Meditation is completely appropriate and much needed during any business launch period.
Today’s guided meditation — one of my favorites — was on trust and surrender. I find it helpful to remember these two action verbs when bootstrapping my start-up.
Entrepreneurs find themselves working long hours, day in and day out, without little to no recognition in the beginning, so it’s important to trust that your hard work will pay off and completely surrender until it does.
After centering myself from meditation, I fired up my iPhone and immediately one email from a complete stranger caught my eye. This stranger sincerely complimented me on something I’d written and wanted to know if I was available to discuss ways we could work together in the future since he owned a related business.

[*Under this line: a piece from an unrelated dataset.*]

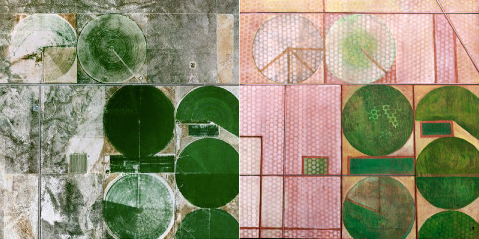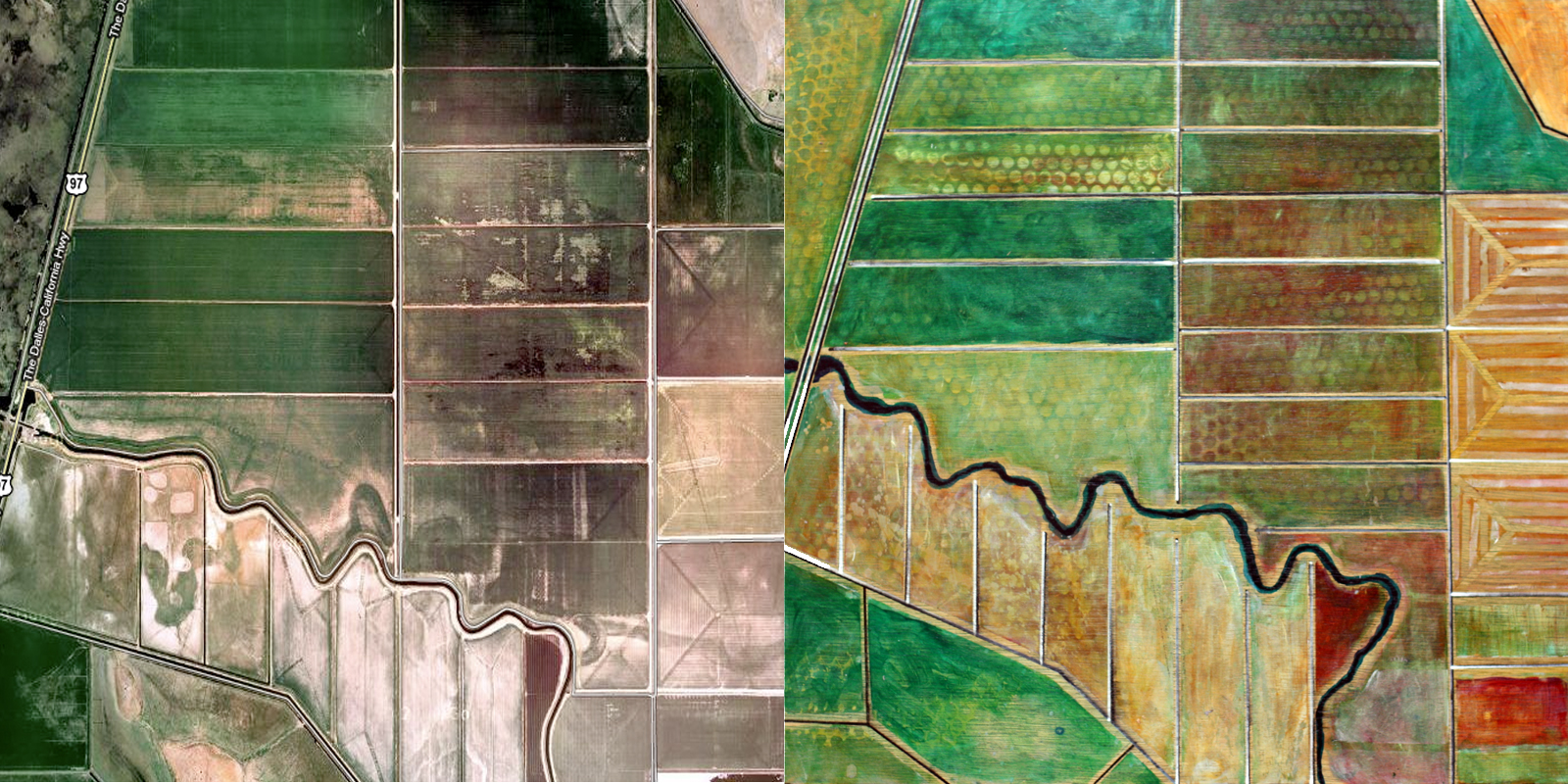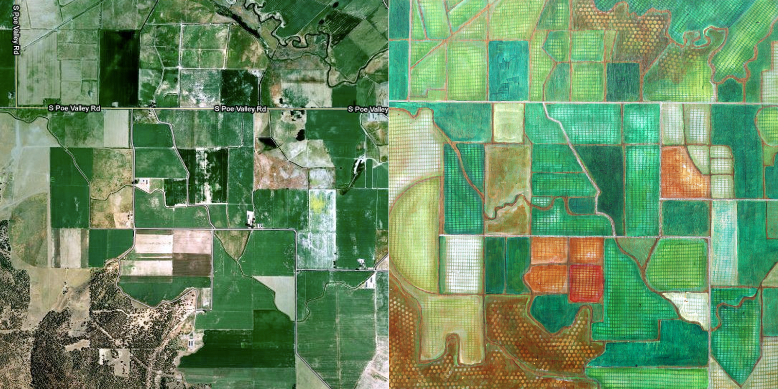 My process involved cropping the screenshots from Google Maps, printing black and white versions at 8×8 inches, and using an architect ruler to scale the 8″ size up to 24″ square. Then I just used a pencil and T-square to map the fields and roads as closely as I could. The circles were traced around vinyl records of various sizes and some other circles I had around. The painting was done in many transparent glazes, sanding in between. I used masking, stenciling and both acrylic on a brush and airbrush. My goal was to stay close to the original color scheme and light/dark values. Here’s some Google shots vs. my final paintings. Obviously the Google shots are on the left. I’ll label each one with the approximate location in Oregon. Have fun spotting differences!

Really? My ego took a leap.
A complete stranger was not only reading, but responding to, my written thought.
The positive feedback felt great, especially considering how exposed I’ve been feeling as a new business owner who’s authentically writing about the trials and tribulations of being an entrepreneur. Trust me, I’d relish any and all kudos coming my way.

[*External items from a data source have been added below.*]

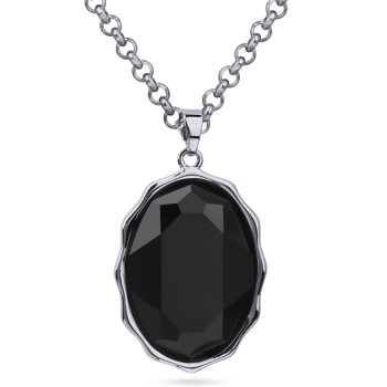 Изготовлено из ювелирного сплава на основе латуни с гальваническим покрытием родием. Изделие украшают кристаллы SW черного цвета. Длина цепочки 90см. Замок-карабин с удлинителем 5см. Размер кулона 30х20мм.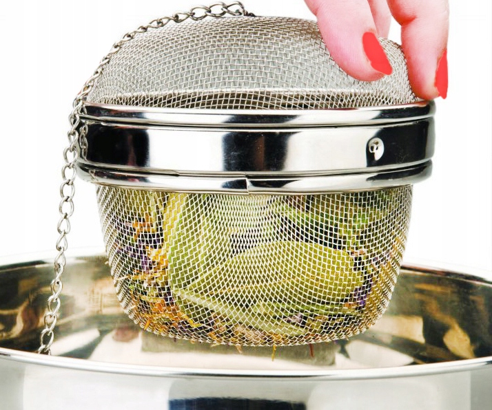 Удобный способ отделения листьев овощей или специй от бульона, супового соуса и других продуктов. Его также можно использовать в качестве заварника для чая и трав.
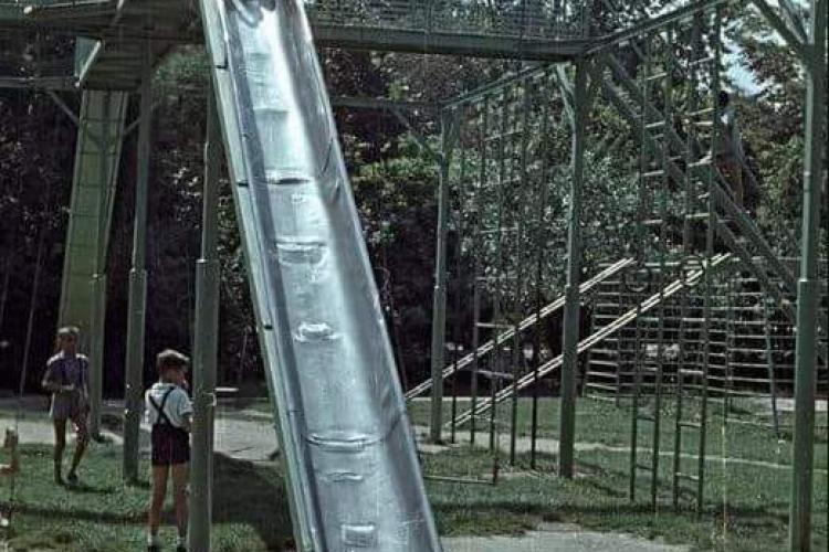 Toboganul mare de lângă Parcul Central din Cluj-Napoca era cel mai frumos din oraș, înainte de 1989.

People don’t sincerely compliment friends, nevertheless strangers, nearly enough these days. That’s why starting today, I am going to make a concerted effort to do that more.
A compliment is a two-way gift anyway. Both the giver and the receiver benefit from this kind gesture; yet too often, people deprive themselves of the pleasure of giving a compliment, instead choosing to let the moment slip by without conveying their thoughts.

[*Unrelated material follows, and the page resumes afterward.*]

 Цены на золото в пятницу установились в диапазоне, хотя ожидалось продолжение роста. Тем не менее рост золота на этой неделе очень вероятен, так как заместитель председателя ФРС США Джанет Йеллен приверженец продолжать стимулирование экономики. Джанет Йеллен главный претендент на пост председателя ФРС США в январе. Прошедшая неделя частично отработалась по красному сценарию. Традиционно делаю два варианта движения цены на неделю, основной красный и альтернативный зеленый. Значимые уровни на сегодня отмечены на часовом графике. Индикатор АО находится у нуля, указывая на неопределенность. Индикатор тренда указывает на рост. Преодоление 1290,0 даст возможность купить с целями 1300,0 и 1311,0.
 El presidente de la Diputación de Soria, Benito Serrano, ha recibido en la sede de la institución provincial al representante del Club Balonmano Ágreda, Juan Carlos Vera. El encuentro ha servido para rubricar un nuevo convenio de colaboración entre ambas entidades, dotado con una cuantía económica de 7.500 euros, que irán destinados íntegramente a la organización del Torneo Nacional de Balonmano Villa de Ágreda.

Maybe it’s time you take a good hard look around at your friends, family, employees, contractors, vendors, partners and even strangers. Pay close attention. See who needs lifting up. Then, offer a compliment and a smile.
Times have been really tough lately. More people than not could use some support or at least a kind word now and then.
What makes for a good compliment? The praise needs to be sincere, specific and without qualification (no underhanded or excessive compliments). When praise is delivered the right way, you’re bound to make that person feel better. You may even motivate them too.
So, who can you “kudo” today?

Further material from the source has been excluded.